The documentary, directed by Amanda Lipitz, was honored with the Documentary Special Jury Award for Inspirational Filmmaking at the 2017 Sundance Film Festival and has been showered with eager early reviews. It focuses on a handful of performers as they begin their senior year, a time of excitement and anxiety. Added to the mix are the sometimes violent protests that rocked Baltimore following Freddie Gray’s April 2015 death, and the young women wonder to each other why the national cameras spend so much more time chronicling the riots than the neighborhood volunteers who clean up afterward.
Step practice and performances give them a chance to escape the turmoil.
“Being on stage is like the big celebration,” said Blessin Giraldo. “It’s about being versatile, being a team player. You want it to sound like music to their soul.”
On the line, step coach Gari McIntyre calls the shots and takes no excuses. In the academic field, college coach Paula Dofat spurs her young charges and their families toward the finish line and beyond. In private moments, away from the students, the women talk with empathy and sometimes tears about the struggles the school’s community faces. They know
there are times when there’s no food in the fridge, and maybe no electricity to keep it running. But they don’t let their love for the students stop them from keeping the pressure on. Education, they know, is the ticket up and out.
“If you want it, you’ll go get it,” performer Tayla Solomon said, reflecting on the lessons imparted through the step team and the documentary about it. “It’s OK to be selfish. It’s OK to focus on myself. No one is going to live my life for me.”
Added Grainger: “It isn’t your responsibility to save your family. Change starts with yourself. Focus on yourself, stay confident and find that little piece of hope inside of your body to achieve whatever you want to in life.”

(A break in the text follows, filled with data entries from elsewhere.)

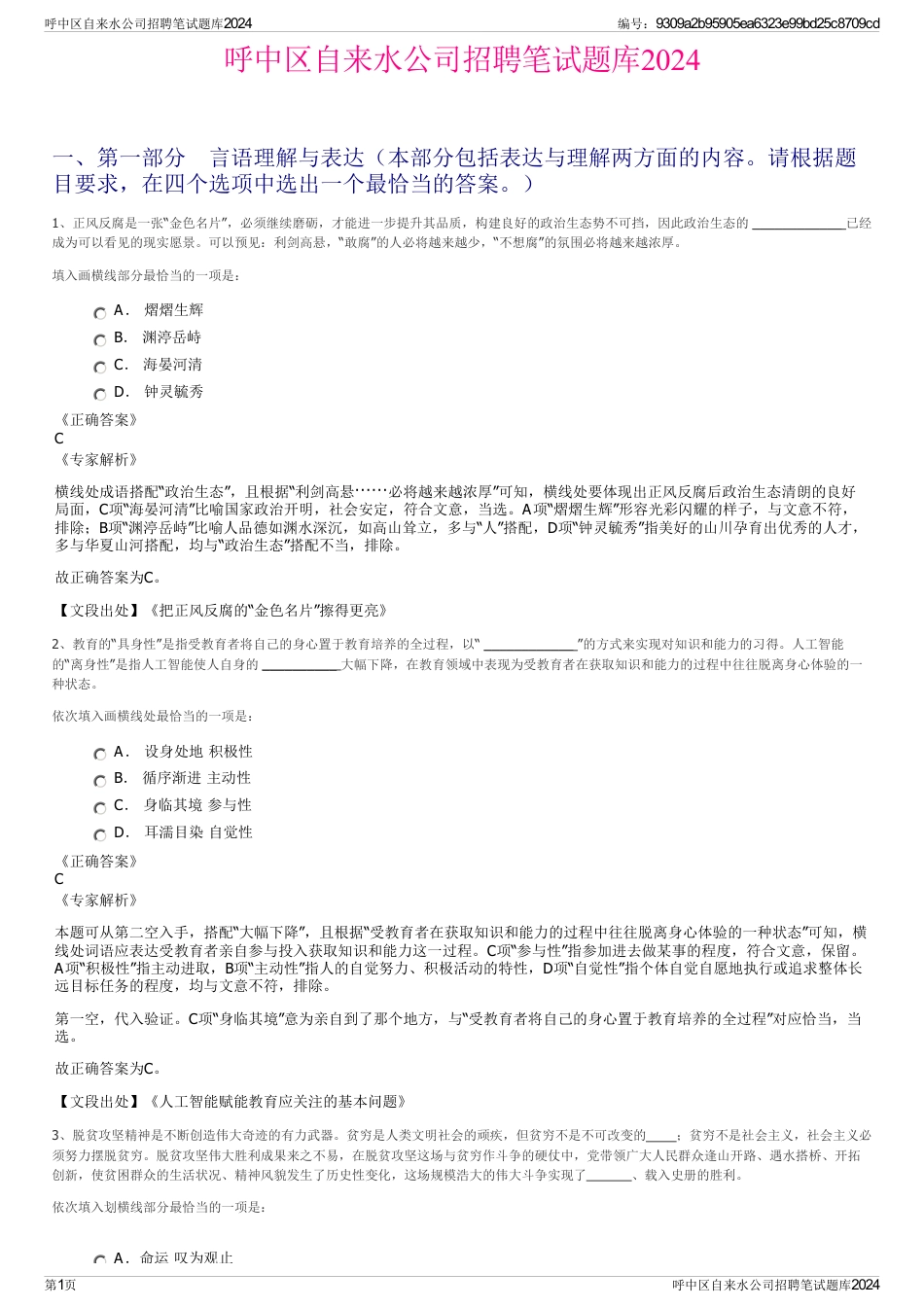 呼中区自来水公司招聘笔试题库2024一、第一部分言语理解与表达(本部分包括表达与理解两方面的内容。请根据题目要求,在四个选项中选出一个...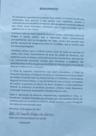 Diante dos constantes assaltos e com o crescimento iminente da violência em Remanso, levando a população a se manifestar frequentemente via rede social, exigindo das autoridades que adotem medidas urgentes para conter a criminalidade, os vereadores do (PCdoB), Didi, João do Pinga-Pinga e Humberto, na sessão de terça-feira (22/08), apresentaram um requerimento solicitando uma audiência pública, em caráter de urgência, com o objetivo de debater a violência que tanto assola o município.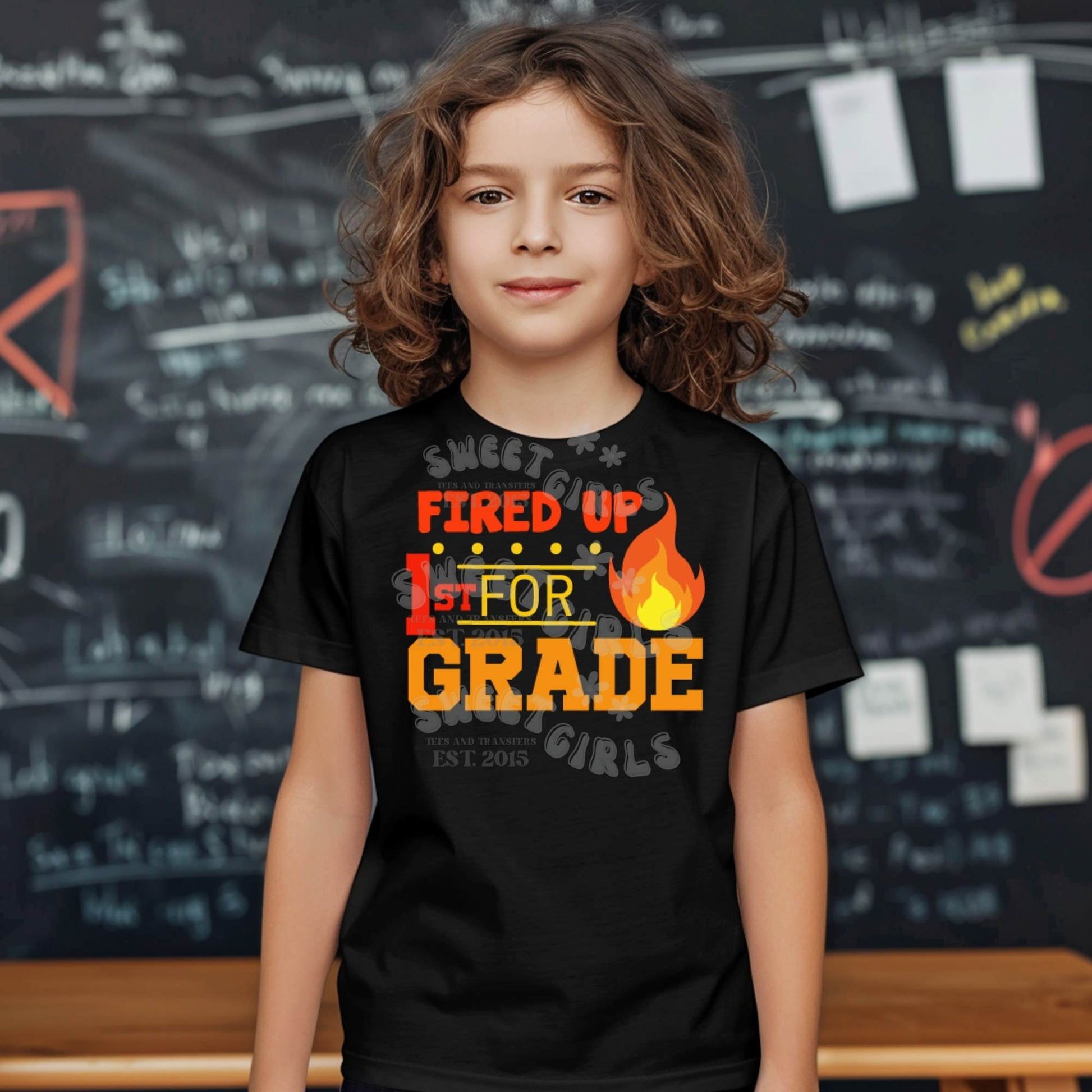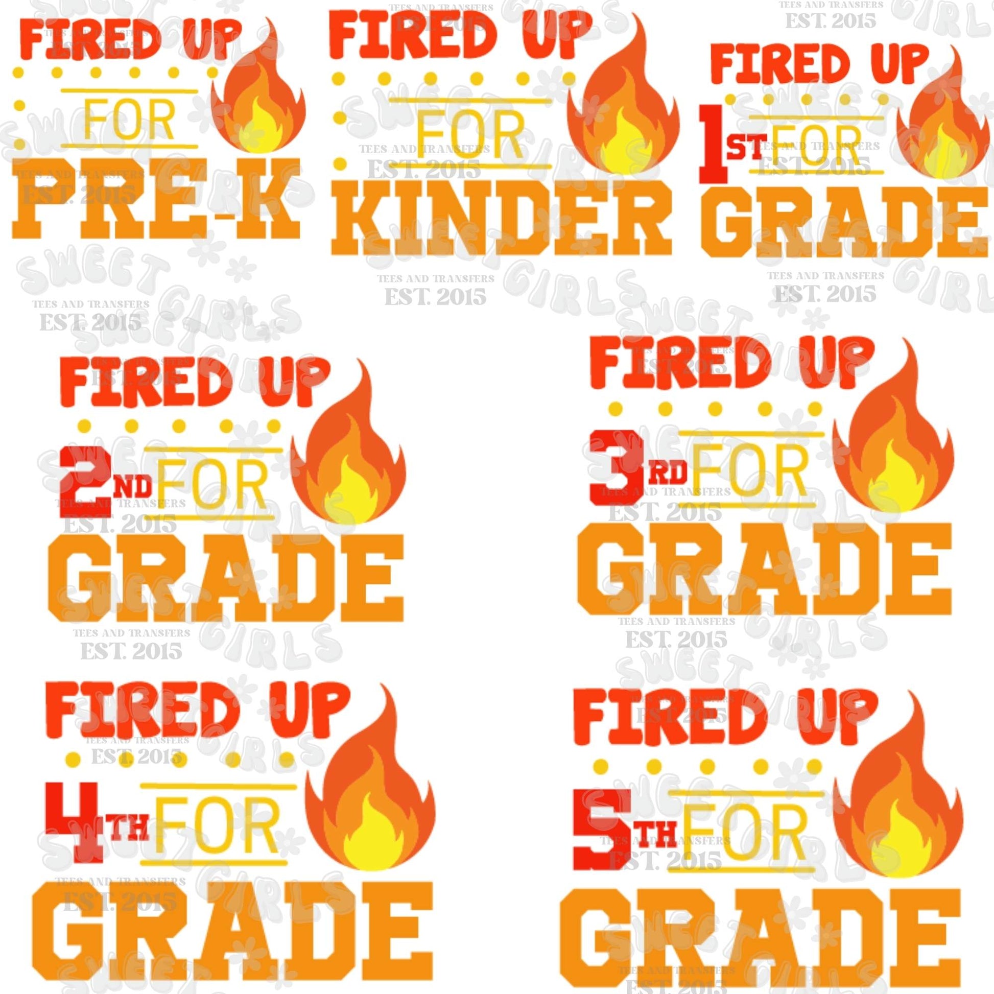 Fired Up for School DTF Transfer – PreK to 5th Grade Flame Back to School Heat Transfer – Fun Flame Design for Students, Teachers, and School Spirit – Ready to Press

The performers have all moved on from high school, but no spoilers here: see the movie to find out who got a full scholarship to one of the nation’s most prestigious universities and whose journey to college took a little bit of a detour. It’s not a spoiler, though, to say that by the end of “Step,” the sound of young women moving in unison sounds not just like their feet hitting the ground in unison. It sounds like their hearts beating as one.